So far, I only used it in the implementation of a few
smart-pointers. In that case, the self-assignment test can
be improved to test for equality of values, the destructor
is non-virtual, and the resulting assignment is no-throw.
Moreover, there is no reason to inherit from those
smart-pointers, ever.
If 1) you can be sure that no one will ever derive from the
class, 2) you can be sure that the copy constructor cannot
throw, and 3) you can be sure that anyone modifying the code
is aware of these constraints, and will modify the
assignment operator if they cease to hold, then it's safe.
I've never really seen a case where I feel safe concerning
3, and 1 and 2 generally imply a class so simple that it's
not worth the effort using a dubious idiom.

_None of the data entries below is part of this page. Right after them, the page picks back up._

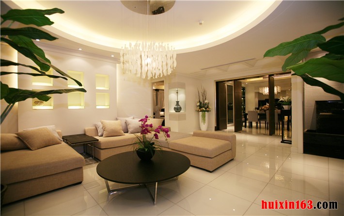 本套房屋的装饰风格比较注重华丽色彩,客厅中的石膏板吊顶上做了圆形的造型设计,并在中间安装了一盏圆形的水晶吊灯,吊坠低垂,在四周白色灯带的映衬下显得更加华丽、唯美,沙发背景墙没有过于复杂的造型设计,只是做了格架设计,可以摆放一些精致的工艺品,也可以为客厅增加收纳空间,沙发中间摆放了一款黑色圆形的茶几,简单的设计却颇具大气与时尚感,与本套房屋的装饰风格十分相符。客厅中大量的使用了绿植做装饰,可以为空间增添一丝清新感,绿色的植物也可以在靓丽的空间中起到一定的点缀作用,为房屋装修增加一定的设计感。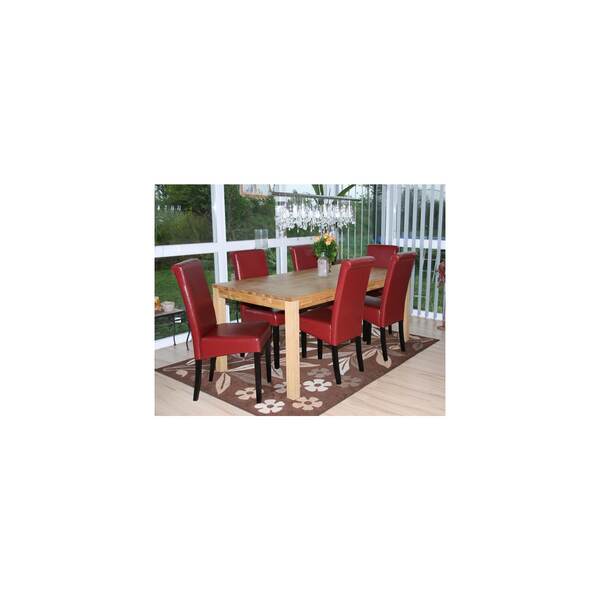 6er-Set Esszimmerstuhl Lecce II, Leder ~ rot, dunkle Beine
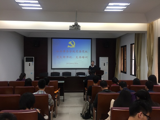 4月15日,学院党委党校举办学生党支部书记、支委培训班举行培训活动,由学院党务秘书黄旻敏主讲。在培训中,黄老师以党支部工作的具体操作规范、程序培训为主题,对参加培训的党支部书记、支委进行专业的业务培训。黄老师结合党中央、校党委对党支部工作的要求,根据实际工作中学院党支部开展活动过程中存在的问题进行剖析,细化学生支部的工作内容。整个培训持续两个小时,结合相关的工作案例,提升了在座党支部书记和支书的工作能力。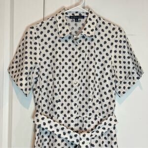 Brooks Brothers White Blue Floral Print Short Sleeve Belted Midi Shirt Dress 8
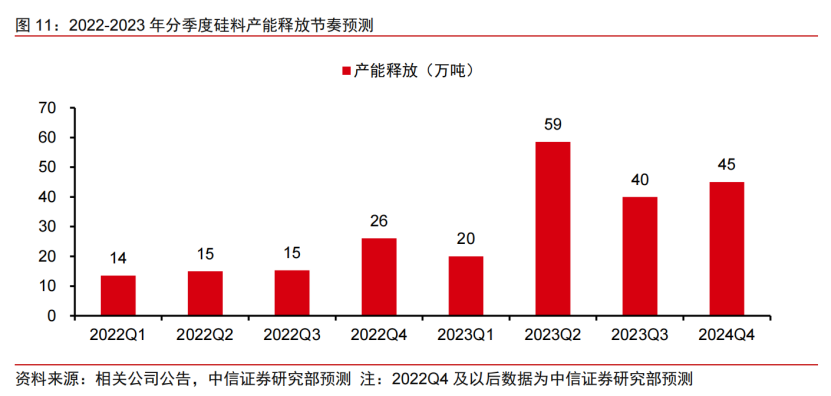 中信证券王喆在10月11日发布的研报中表示,根据2022-2023年多晶硅厂家扩产计划,2022Q4季度与2023Q2季度将迎来硅料产能释放密集期,可能会存在光伏级三氯氢硅出现短暂的供给缺口,届时有望提振三氯氢硅价格,预计三氯氢硅高景气度有望维持至2023Q2。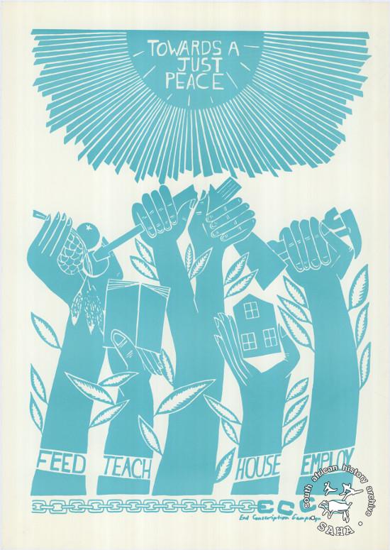This poster is silkscreened blue, produced by the ECC at STP, Johannesburg. This poster outlines the basic demands that would be met in a peaceful society. The text reads “TOWARDS A JUST PEACE: FEED TEACH HOUSE EMPLOY”Digitised by Specialised Archival Solutions in 2009. Reproduced in "Images of Defiance: South African Resistance posters in the 1980s" on page 131 (number 230) of the 1991 SAHA / Ravan Press edition and the 2004 SAHA / STE Publishers edition. It also appears on page 139 of “Red on Black: The Story of the South African Poster Movement”, SAHA / STE Publishers, 2007. |
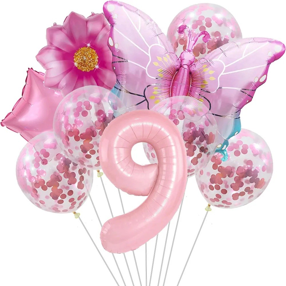 9 pcs Ballons d'anniversaire numéro 9 Papillon fleur Confettis Ballons en latex et en foil Décorations d'anniversaire décoration de fête d'enfants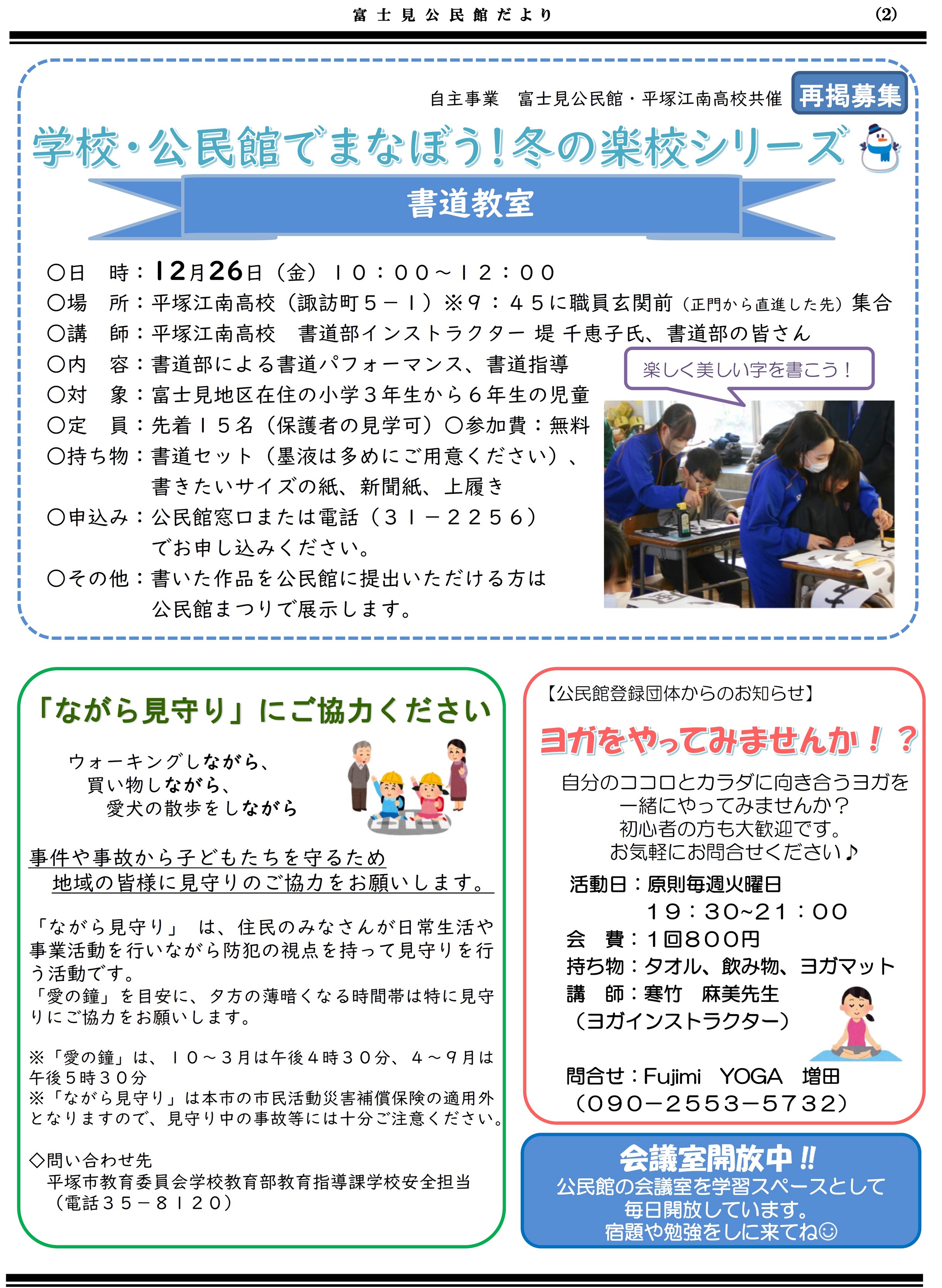 - 2025/12/02 【富士見公民館】公民館だより12月号を発行しました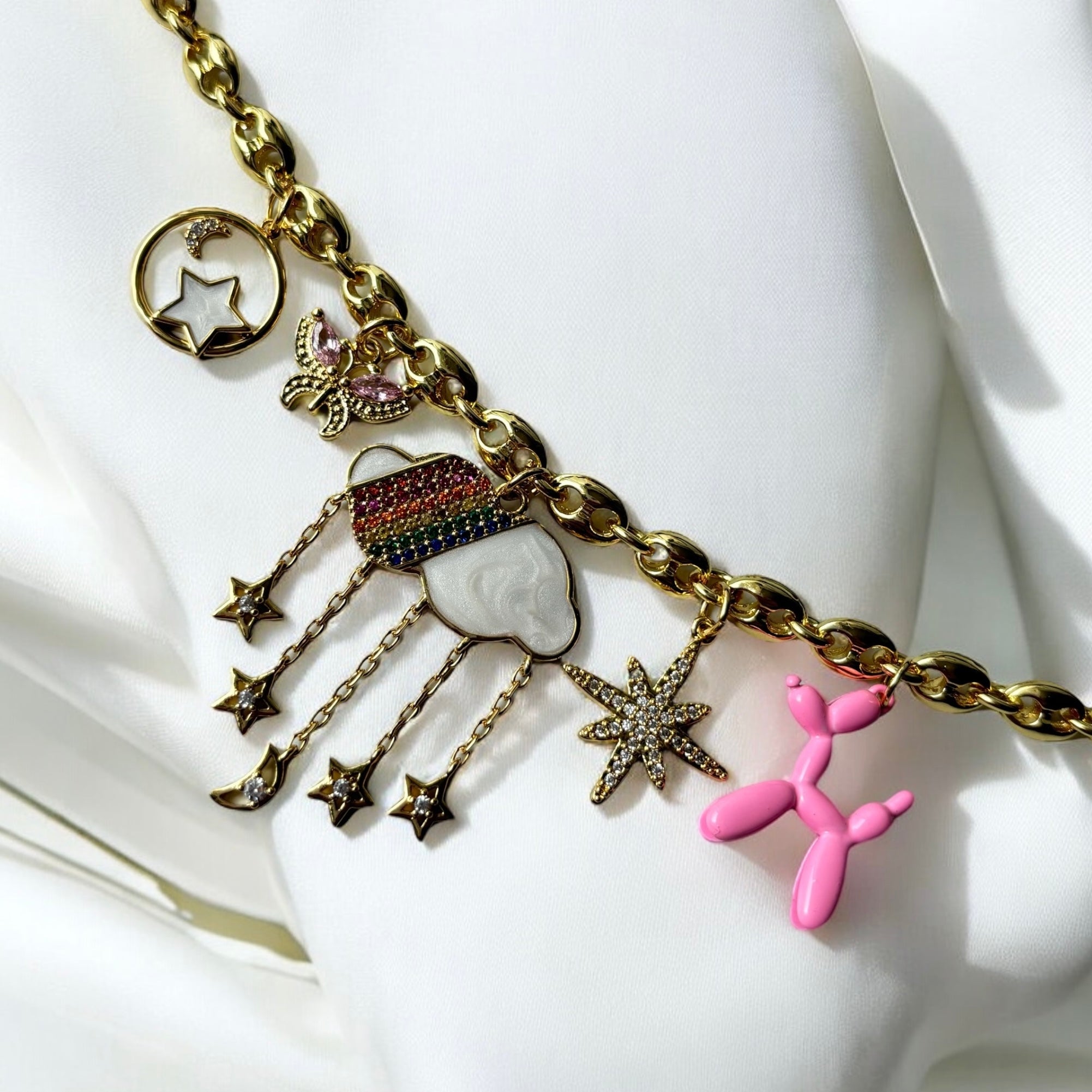 Discover the magic of whimsy with our handmade "Starlight Dreams" necklace. This charming piece features a gold chain adorned with a collection of enchanting charms: a delicate star in a golden circle, a pink balloon dog, a vibrant rainbow cloud with cascading stars, and a sparkling butterfly. Perfect for adding a touch of playful elegance to any outfit.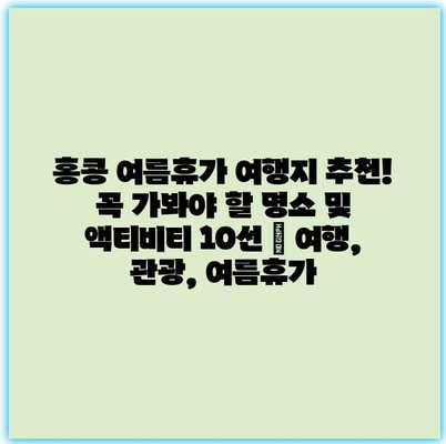 홍콩 여름휴가 여행지 추천! 꼭 가봐야 할 명소 및 액티비티 10선 | 여행, 관광, 여름휴가 에 대해 자주 묻는 질문 TOP 5

Rule of thumb: generically (and always, when in doubt), go
with (a).
Only if you can implement a no-throw version of swap.
Well, if swap() is no-throw, then (a) is exception safe. But
even with a possibly throwing swap(), it will still do an
assignment. You just don't get the exception safety for the
assignment.
Nor any other benefits.
What other benefits do you expect from an assignment operator?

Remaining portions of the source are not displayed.